Not everything the Imperium does is about the tithe. We have a pyromancer, here. Likely enough, a mutant pyromancer. Rogue psychers are the Inquisition's problem, tithe, class problems and politics entirely aside.
And you've got an ugly world, but it isn't my job to make it pretty. I would, if I could, but I can't, so I won't, so why try?
But this is, in part, about tithe and politics and class. If we find and handle the pyromancer, the problem might go away, for a time. The mines might keep working, for a time. Folks might get born and die, for a time. Ugly will stay ugly, for a time. Then another pyromancer will come, or another mutant, or another xenos conspiracy, or another deadly bliss drug, or something. I just don't know that the lives here are much worth living, that the folks here will fight to keep what they have. They just don't have much to anything to fight for.

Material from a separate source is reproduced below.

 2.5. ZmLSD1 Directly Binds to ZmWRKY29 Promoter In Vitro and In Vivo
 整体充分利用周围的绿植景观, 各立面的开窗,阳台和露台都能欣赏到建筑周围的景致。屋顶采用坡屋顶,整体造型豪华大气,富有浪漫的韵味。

Your little conspiracy got ugly because this is an ugly place, which does come back to the tithe. This is, at base, a rich world. From it, much is taken. Gut feel, if a bit more were left behind, it might become a world worth fighting for, or living on. What you were trying to do with education might have been a start. Right now, from the Imperium's oh so distant perspective, the entire tithe is at risk. If leaving behind a little of what is being taken could secure the rest, this, to me, would be worth doing, not so much because I'm a nice little girl with delusions of making life pretty, but because I don't really want to come back here again in a few years and start all over.

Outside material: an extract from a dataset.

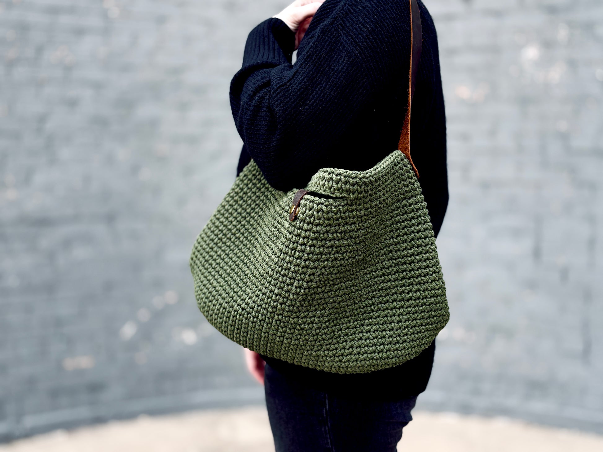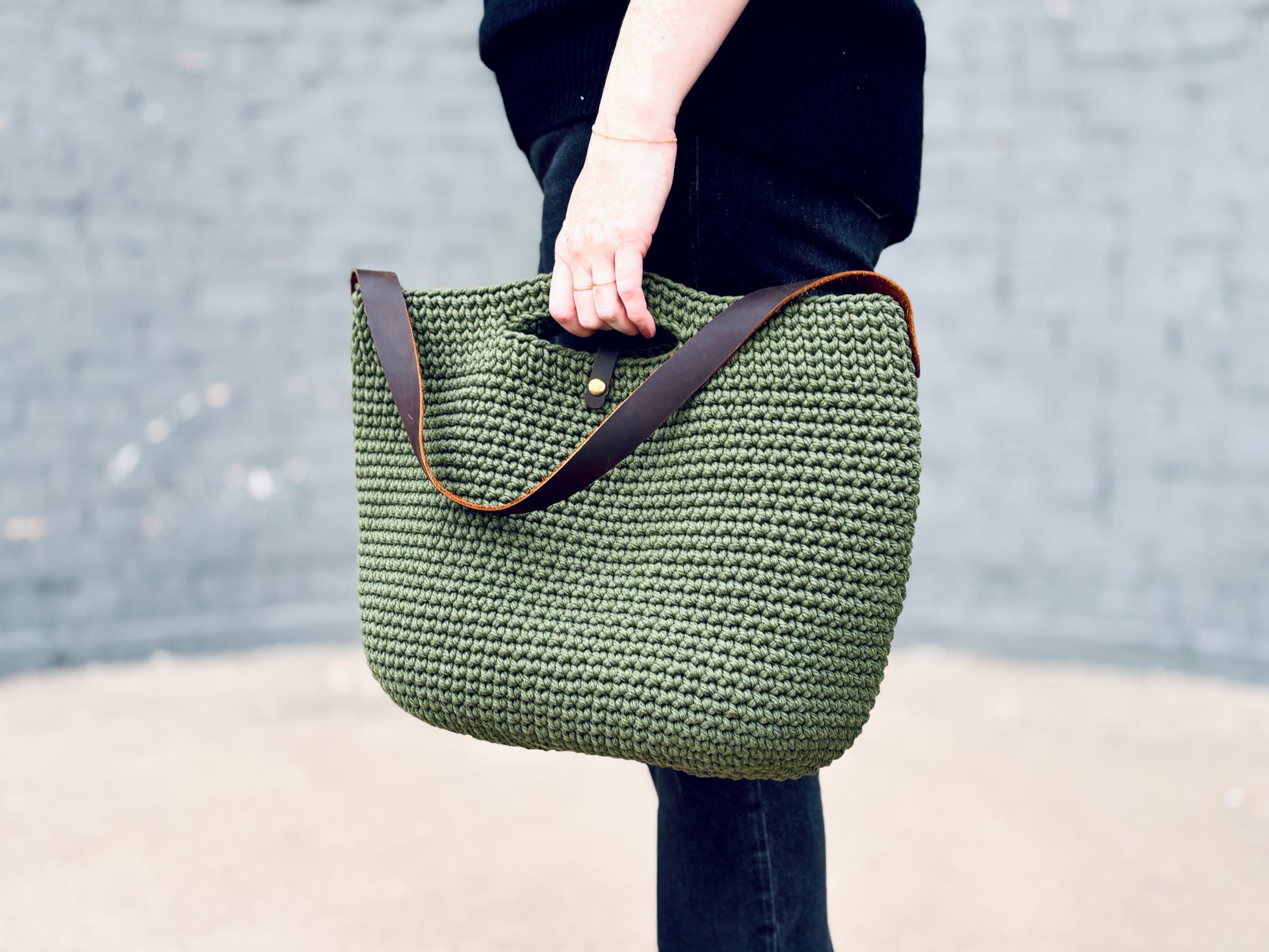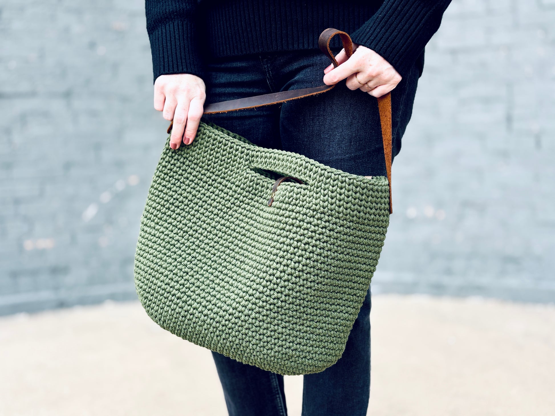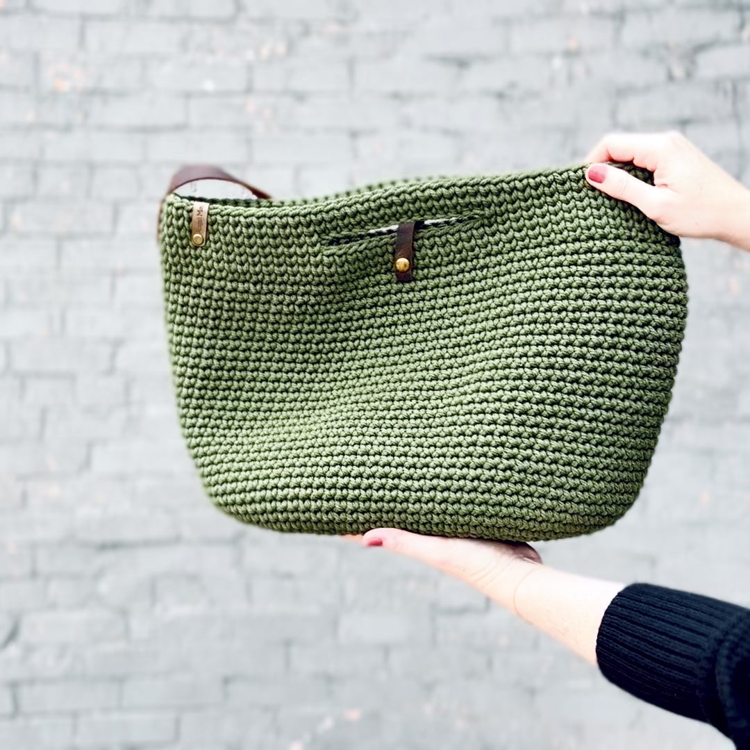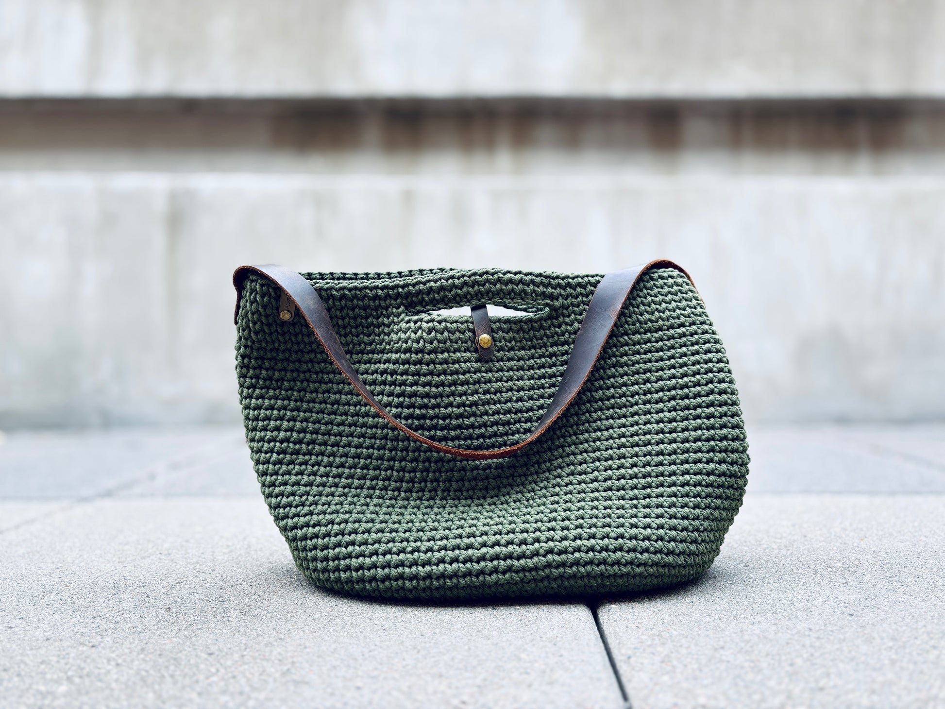 Crocheted from cotton cord. Features a leather strap and magnetic snap closure.

And I haven't seen anything yet on how big a slice the bosses are keeping for themselves.
But nobody asks me. I can try to make something happen, but what I say matters far less than what the Inquisitor says. Any deal I make might not last longer than it takes to travel topside. It was suggested to me topside that your path was likely the better path, that the road you walked should have been taken, but nothing was written on a saint's hide and sealed with the Emperor's thumb print.
And they haven't taught me a thing about politics and economics. I'm just here to make things right, not to understand what's going on. They've taught me how to shoot a gun, to reload it, to free it up when it jams. I know how to meditate, to draw power from the warp, to heal with my mind. That sort of stuff, they'll teach. Not politics. Not economics. That would make me too dangerous. I'm too young to learn that stuff.
So I have to talk to you. You know this world far better than I. You know how the nobles think. You know how to get into trouble, and perhaps how to avoid it. I guess the question is whether to destroy the group you once made, or to try to take it back. If you want to take it back, you'll have to make promises.
And I'm just a not so nice little girl. I'm not sure what promises might properly be made that could have some reasonable chance of being kept. Once or twice I have pretended to have at my command as much of the Imperium's might as never you mind. I might do so again if it seems wise to do so. Delusions or illusions of power can be useful at times.
This leaves me with one little question. This group we are chasing? Do we try to make of them enemies... or friends? Oh, if the pyromancer is insane, and many of my kind are, he has to die. After that, from the stories, he might then have to die, die and die again. Beyond that, there seems to be an open question...
Whose side do you wish the Inquisition to be on?